I've explained why we need stacklessness:
Switching to Stackless: Why this, why now?
It's taken a lot of thinking. But as proof that it's real, you can try this:
>> counter: func [value] [
if 0 = modulo value 1000 [print [value]]
counter value + 1
]
How many stack levels you get will depend on the available memory of your platform--not your CPU stack.
In the WebAssembly build that runs in the browser, I got this on Chromium on Linux:
>> counter 0
0
1000
2000
3000
4000
5000
6000
7000
8000
9000
10000
11000
12000
13000
14000
15000
16000
17000
It just terminates, but the error that shows up in the browser console is:
Uncaught RuntimeError: Aborted(Cannot enlarge memory arrays to size 16867328 bytes (OOM). Either (1) compile with -sINITIAL_MEMORY=X with X higher than the current value 16777216, (2) compile with -sALLOW_MEMORY_GROWTH which allows increasing the size at runtime, or (3) if you want malloc to return NULL (0) instead of this abort, compile with -sABORTING_MALLOC=0)
The same amount was gotten on Firefox, probably because emscripten requests the same amount of Wasm memory space on each.
Point Is, It Ran Out of Memory... not Stack!
We can see there's work to do on responding to out-of-memory errors (we've never really had a great story for that). But at least we can (!) -- I've explained already that stack overflows can't be caught the way a failed memory allocation can. That's a huge motivator for the change.
But still, over 17000 stack levels is kind of neat in and of itself!
So how do desktop executables "stack up", on my 16-core Lenovo ThinkPad i7 with 64GB of memory...?

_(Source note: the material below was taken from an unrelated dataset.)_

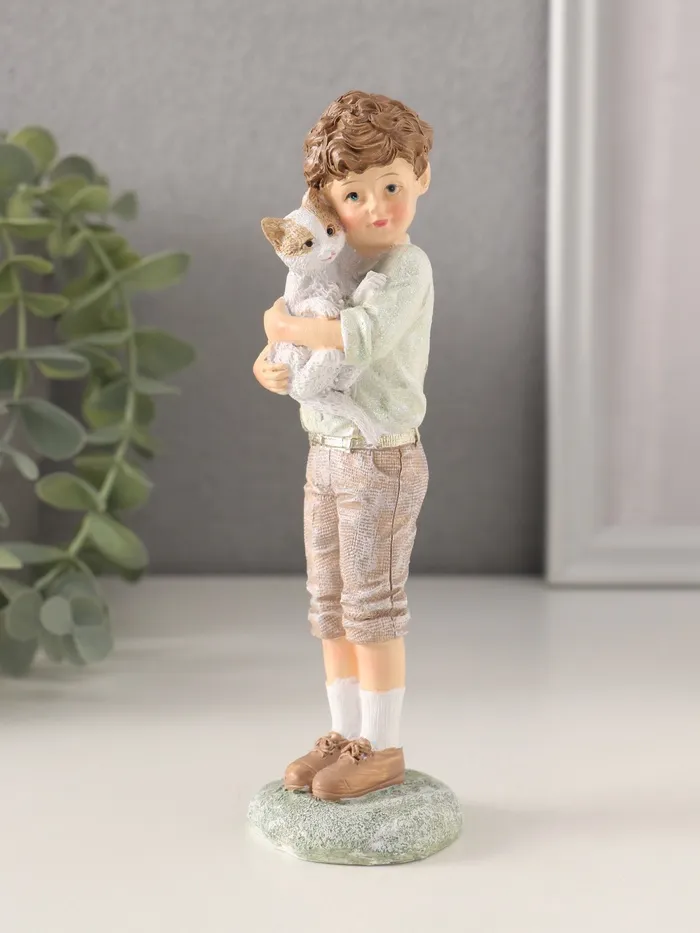 Фигурка полистоун «Мальчишка с котёнком», розово-зелёный, 5×4.5×16 см

As a quick comparison: for Red on Windows, it doesn't make it to 2000:
red>> counter 0
0
1000
*** Internal Error: stack overflow
*** Where: %
*** Stack: counter counter counter counter counter counter counter counter coun
ter counter counter counter counter counter counter counter counter counter cou
nter counter counter counter counter counter counter counter counter counter co
unter counter counter coun...
Running an actual count got me to 1943 and then it crashed.
(I take it that encountering a stack overflow -during- a PRINT leads them to a harsher situation than just during a recursion. But this is all the more reason you can't play fast-and-loose with the CPU stack, it cannot be trapped like an out of memory error! Right now we may be crashing too, but it's substantially closer to being managed.)

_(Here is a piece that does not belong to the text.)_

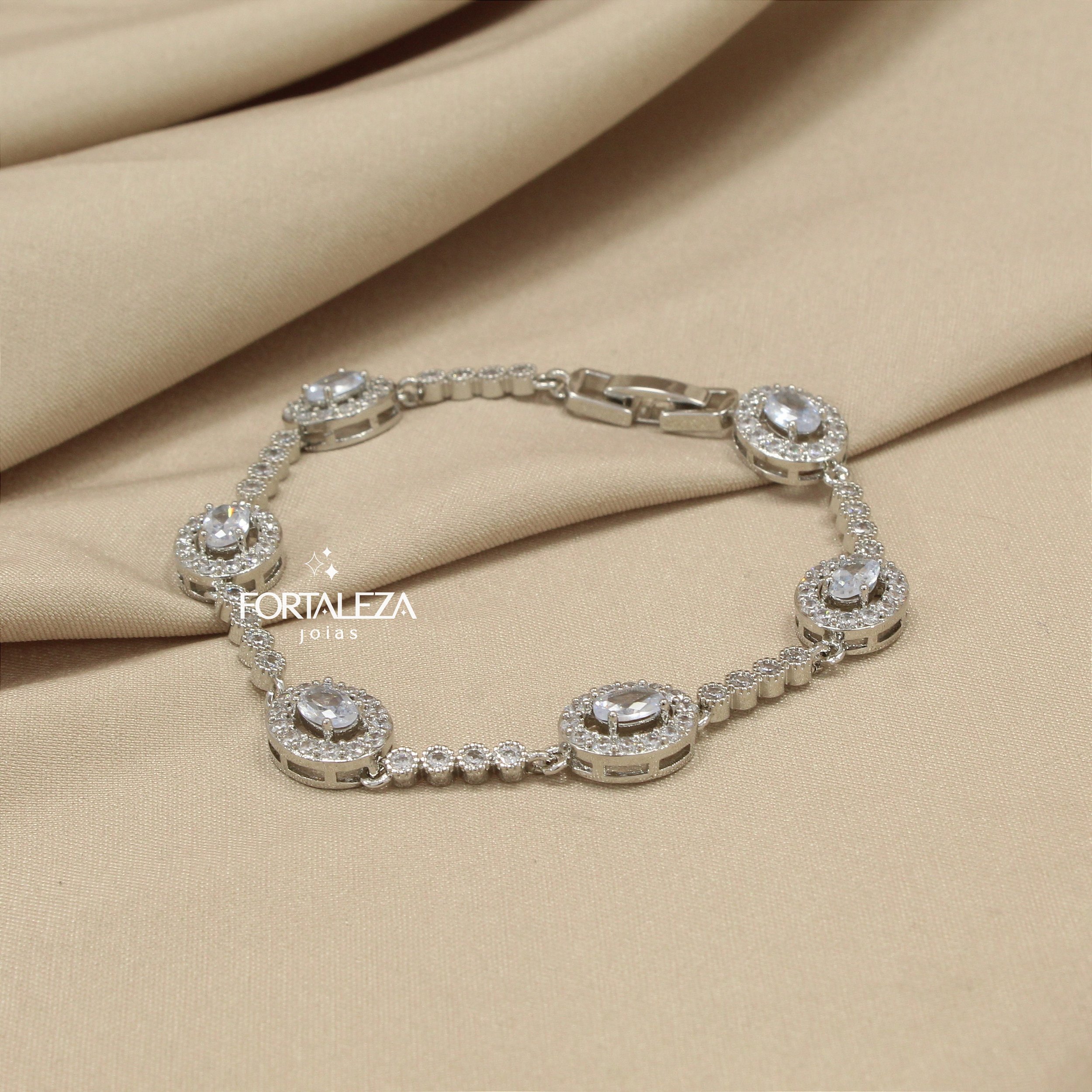 Pulseira Trabalhada em Zircônia Cristal Banhado a Ouro Branco

For Rebol2 on Windows it makes it to 14262, and does not crash. (So Red's an order of magnitude worse, and crashes.)
I hadn't built a 32-bit optimized Windows executable for a while (and actually had to fix a couple of compiler warnings to get one). But I figured I'd do so for an apples-to-apples comparison with the Rebol2 and Red EXEs.
32-bit Ren-C makes it to...well, jeez. Printing it out one by one could go on forever, so I tried only doing a print on modulo 10,000. It starts to slow down a bit around 2 million, but ticks past 3 million pretty easily...and makes it to 4 million. It eventually terminates without a message at 4780000 (it's an optimized build, and our out-of memory handling needs work...this would likely be an assert in a debug build).
So generously rounding Red up to 2,000... Ren-C can handle over 2000x the stack levels, at least.
Now, To Reap The Benefits...
-
I need to rework the JavaScript extension to use this intrinsic stackless property, instead of "Asyncify".DONE!-
Asyncify gave us the pseudo-stackless ability of suspending arbitrary non-stackless code in order to run browser events. This let us do things like ASK for input while in the middle of a loop. With real stackless, we (shouldn't) need that.
-
Asyncify added bloat to our code generation that I recall making the .wasm about double the size. We'll see how accurate my memory is on that, but hopefully the size of libr3.wasm will go way down.
-
-
One by one the natives have to be redone to stackless. Only then can we truly ditch Asyncify, because if something like FOR-EACH isn't stackless we wouldn't be able to do something like PRINT or ASK inside of that kind of loop... it would raise an error.MOSTLY DONE!-
We can probably punt on some things and drop asyncify even if not everything is stackless yet.
-
You might not be able to do something like
foo.(ask "Field Name?"): 10
until TUPLE! lookup has stackless processing bubble up through its GROUP! evaluations, but I think we can live with that being an error for a while--if it halves the size of the wasm.
-
-
Generators and Yielders need to be resurrected. They were pretty well designed before, but locking issues created headaches...and it's time to attack those again.
-
Out-of-memory errors have to be reined in--not just so stack overflows can be handled gracefully, but that any kind of out-of-memory is handled gracefully!
- We also might want users to be able to set a policy (if they wish) to limit the stack before memory runs out, just so that infinite recursions get caught earlier in casual programs that aren't intentionally using big stacks.
In any case, it feels good to get the core of the work done two years ago hammered into shape...and see it running in the browser!